The east African country plans presidential elections between February and March next year and Amama Mbabazi, whom Museveni replaced as prime minister last September, has emerged as a rival to the 70-year-old leader within their ruling National Resistance Movement party.
The decision by Museveni, one of Africa’s longest-serving leaders, to sack his former ally revealed a growing power struggle between him and Mbabazi, analysts said. Museveni is expected to seek another term.
Inspector General of Police (IGP) Kale Kayihura told Mbabazi in a letter that his planned meetings would not be allowed.
“Your party has neither sponsored nor endorsed you as an aspirant ... your aspirations are illegal,” he wrote. “Your programme of public meetings are not cleared by the police and can not go ahead.”
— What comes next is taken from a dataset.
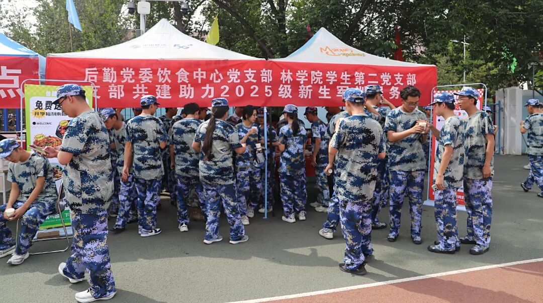 为期15天的2025级新生军训刚刚落下帷幕,全体新生褪去青涩、满载成长,以昂扬姿态告别迷彩时光。这期间,饮食中心党支部联合林学院学生第二党支部,在太谷校区大、小操场军训场地持续开展了“温情暖军训 健康伴成长”主题党日活动。以支部结对共建为纽带,将党组织关怀转化为服务新生的实际行动。作为党支部“党建+服务育人”的传统品牌活动,此项服务已连续多年开展,始终聚焦新生军训期间实际需求,切实传递了党支部对2025级新生的关心关爱。

Mbabazi recently notified the police that he would conduct countrywide meetings in July and August to promote his bid to win nomination as the presidential candidate of the NRM. The party will choose its candidate in September.
Museveni last week dismissed Mbabazi as “a non-starter”.
Ugandan law requires anyone planning to hold a political rally, demonstration or meeting to inform the police, who have wide-ranging powers to stop them if they have “reasonable grounds” to do so.
Museveni, in power since 1986, has been accused by the opposition and rights groups of using security agencies to intimidate and harass opponents.
Kizza Besigye, Uganda’s most popular opposition leader, has lost three times against Museveni. He has been repeatedly arrested and his public rallies often broken up by volleys of tear gas and sometimes live rounds.
“Mbabazi has no intention of respecting the police’s directive because there’s no law stopping him as an aspiring candidate from conducting his meetings,” Mbabazi’s spokesperson Josephine Mayanja-Nkaji told Reuters.